Designer Maryline Damour of Damour Drake in Hudson Valley, NY,  noticed the furniture first, too.

“A smaller space doesn’t necessarily need smaller furniture to feel larger; pieces with exposed legs give the illusion of more space, rather than furniture that sits directly on the floor,” she explains. “In the living room, the new sofa, as well as the pedestal coffee and dining tables, allows the eye to see more of the floor and makes the space feel larger.”


She notes that swapping out the painting for the mirror above the couch was a clever trick, “especially if it reflects the view outside.”


“Buyers like light and bright open areas,” says property stylist Karen Gray-Plaisted, of Design Solutions KGP in Warwick, NY. She adds that the first thing you should do to make any room buyer-ready is to figure out how to let in more light. “Here they framed the view with the curtains, removing the unsightly air conditioner.”


Kitchen: Declutter, declutter

It’s hard to sell a home if the buyers can’t picture themselves in the kitchen, so it’s important to spend some time in this room—no matter how small a space you’re working with.


“A really easy way to make a big statement is to declutter counter space. By getting rid of the wine rack, removing chunky pieces, and adding smaller items, this ‘after’ design is much more streamlined,” says McLeod. “Adding the lighter bar stools was a nice touch by adding more space, while keeping the room functional.”
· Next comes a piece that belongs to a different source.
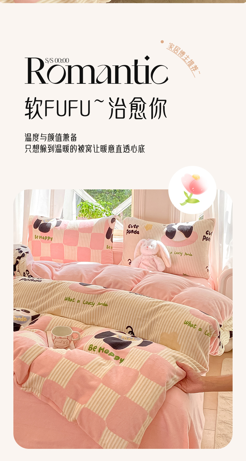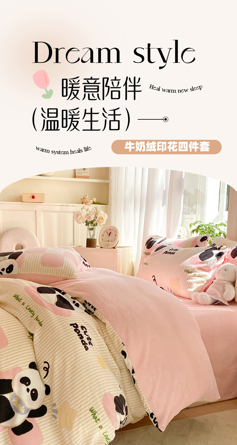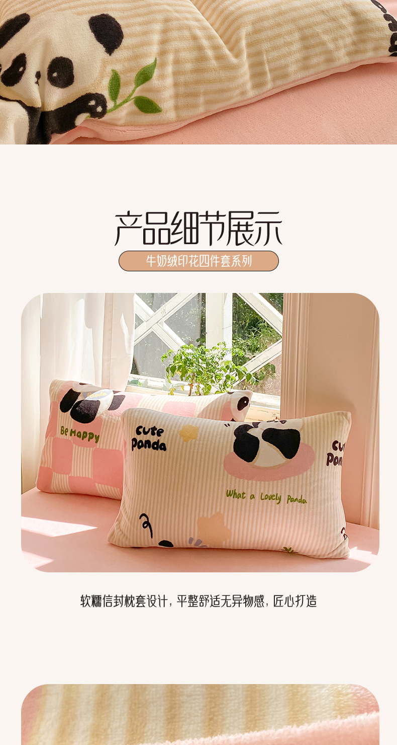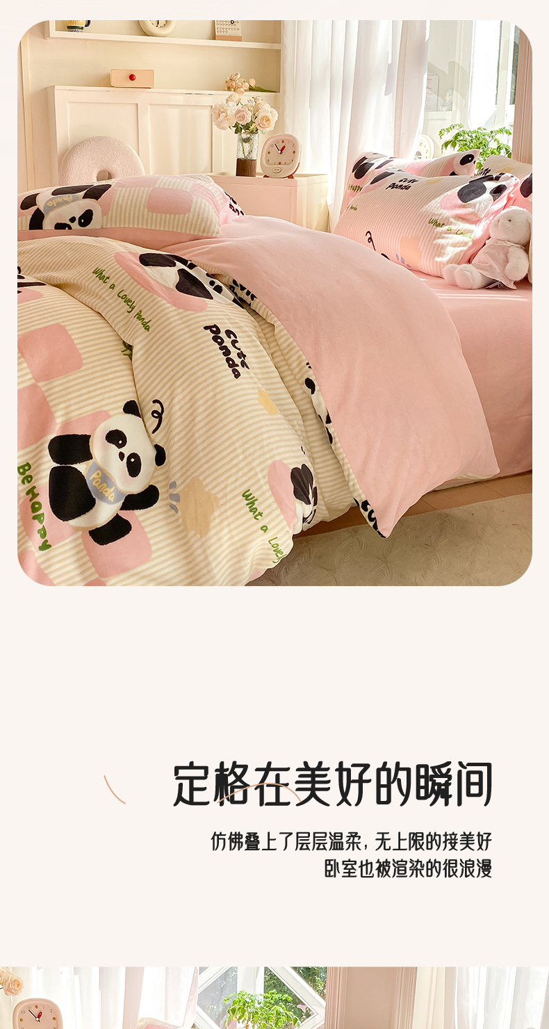 豫见家纺 2025新款牛奶绒印花四件套 熊猫乐园-粉

“The kitchen benefits from some simple fixes that help this area feel bigger than it is,” says Damour. “The more streamlined lighting fixtures help to visually expand this room.”


Bedroom: Tone it down

The bedroom may have undergone the biggest change of all, according to these photos, and the experts agree.
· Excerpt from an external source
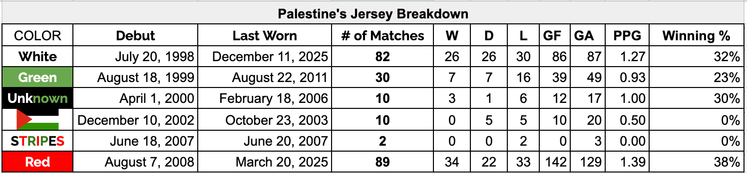 In 2025, Palestine contested 13 matches. On 11 occasions they wore white. The jersey was front and center as Palestine came from behind to beat Iraq 2-1 in World Cup qualification. Over the course of Round 3 of World Cup qualification White was the color of choice for eight of the ten encounters. The team also wore the jersey for all five of their games at the FIFA Arab Cup.

“The wall color in the bedroom needs to speak, unconsciously, relaxation,” explains Gray-Plaisted. “Red is an aggressive color when selling—stay away. Neutral soft blue, greens are better for bedrooms. Color is just as personal as the clutter. Neutral tones always help sell better than taste specific colors.”

Damour agrees that the color change was essential.


“This is aided by furniture that can be seen through, as well as large-scale artwork and floor-to-ceiling curtains that make the space feel bigger than it is,” she says.


The walls aren’t the only major change in the room, though.


“Ripping out the carpet was a smart move, as a hardwood floor with a large area rug is always a good idea,” says Damour. “The new window treatments frame the view, and the added greenery is a nice touch, as well as adding balance with side tables on both sides of the bed.”